But the book is no tearjerker. Danalis honestly explores his own white privilege, his ignorance, and his place in society as a whole. He documents the casual but rampant racism that characterizes much of Australia’s culture and its devastating effects on indigenous communities. That said, the aboriginals he meets are often wary of this “whitefella” becoming involved in their affairs. And why wouldn’t they be? But rather than developing these tensions into insurmountable barriers, Danalis turns them into occasionally painful, but often surprisingly hilarious encounters.
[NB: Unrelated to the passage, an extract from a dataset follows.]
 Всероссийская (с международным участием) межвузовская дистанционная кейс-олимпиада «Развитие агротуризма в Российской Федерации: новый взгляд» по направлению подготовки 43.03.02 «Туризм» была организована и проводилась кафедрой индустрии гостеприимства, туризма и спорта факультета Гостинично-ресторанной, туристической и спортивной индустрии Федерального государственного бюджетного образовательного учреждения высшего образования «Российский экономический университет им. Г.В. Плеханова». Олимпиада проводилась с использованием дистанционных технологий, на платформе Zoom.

Because even though Danalis admits he gets things wrong all the time, knows very little, and is carrying a history of white suppression on his shoulders, he is genuinely willing to learn. The fact that the book comes with introductions and an afterword by aboriginal people suggests that he has managed to forge at least some kind of bond. No mean feat in a country that appears to be so sharply divided.
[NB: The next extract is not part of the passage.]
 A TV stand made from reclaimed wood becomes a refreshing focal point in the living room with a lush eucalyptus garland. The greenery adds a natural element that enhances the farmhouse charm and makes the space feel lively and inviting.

This book is not disturbing because it is evil, scary, or unpleasant. It is disturbing because it forces its readers – i.e. me – to think very carefully about their own worldviews and the role race plays in it. Although it offers a message of hope and healing, it also ends with the suggestion that much needs to be done to even make a tentative start with the undoing of the horrible errors of the past. Will this process succeed? With enough effort put in by people like Danalis, perhaps. But there’s much, much more to be done.